Just then Professor Henderson's surrey drove up. It had come for Billy, and Babbie had thoughtfully sent it on to bring back "whoiver's hurted,"
the groom explained. But he made no objection to taking in Betty, though, rather to Billy's disappointment, she did not come under that category.
"I never saw a broken arm, ner a broken leg, ner a broken anything," he murmured sleepily. "I thought I'd have a chance now. Say, can I please put my head in your lap?"

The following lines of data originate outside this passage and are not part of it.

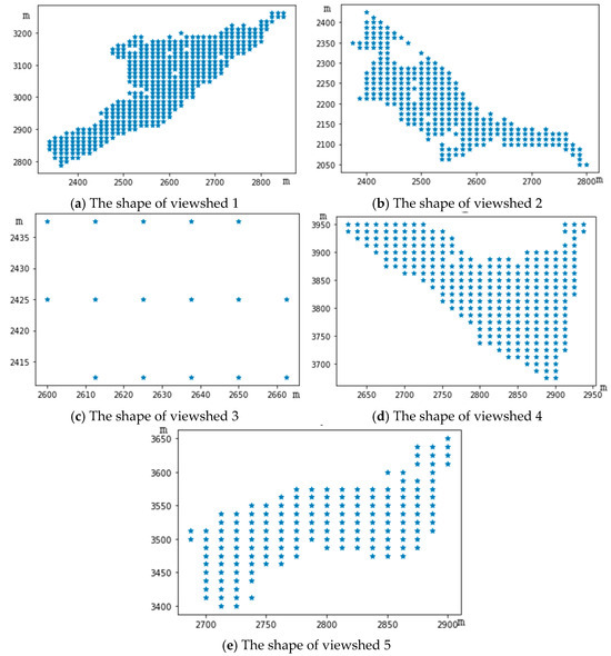 - Shape: The spatial geometry formed by the visible terrain units of a viewshed, which can be represented by the boundary contours distributed by the visible point grid. Then connecting the points adjacent to the outer boundary of each viewshed can obtain the shape of the viewshed. We can judge the sparsity of viewpoint distribution by the shape of viewshed.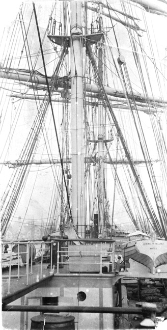 Photo found in a book, 'Stationary Engine Driving' presented to Herbert Dewhurst of 29 Clarence Street, Barnoldswick in 1917. It was second prize for regular attendance from Rainhall Road Wesleyan Sunday School. The name on the lifeboat is 'General Mellinet. Nantes.                                     I tried searching for details because there looks to be a small funnel behind the masts but had no success.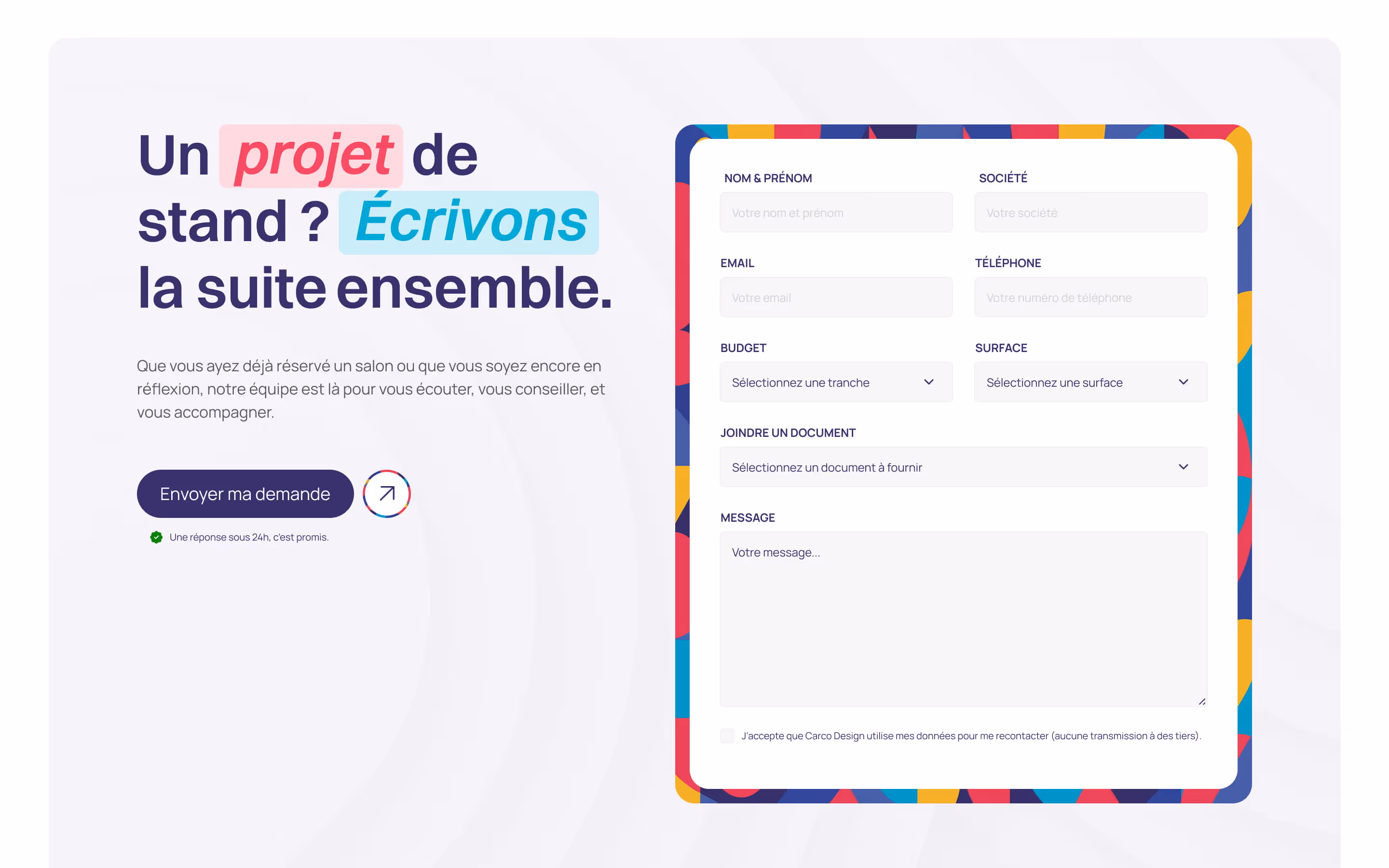 Carco Design accompagne les marques comme Danone, Deezer, TF1, autosphere, Clinique etc. dans la conception, la fabrication et l’installation de stands pour les salons professionnels. De la création à la mise en œuvre sur site, Carco Design intervient comme un partenaire global, capable de transformer un espace éphémère en véritable outil de visibilité et de business.

"My, but your knees wiggle something awful," Billy complained a minute later. "Don't you think they're cracked, maybe?"
So Madeline put the sleepy elves in front with the driver and got in herself beside Betty. Curled up in Madeline's strong arms she cried a little and laughed a good deal, never noticing that Madeline was crying, too. For just beyond the berry-patch there was a heap of big stones, which made everything that Bob and Madeline had feared in that dreadful time of suspense seem very reasonable and Betty's escape from harm little short of a miracle.
It was striking eleven when the riding party and the surrey turned up the campus drive and the B's noticed with dismay that the Westcott was brilliantly lighted.
"I know what's happened," wailed Babe. "Our beloved matron has found us missing and she's hunting for us under the beds and in all the closets, preparatory to calling in the police. Never mind! we've got a good excuse this time."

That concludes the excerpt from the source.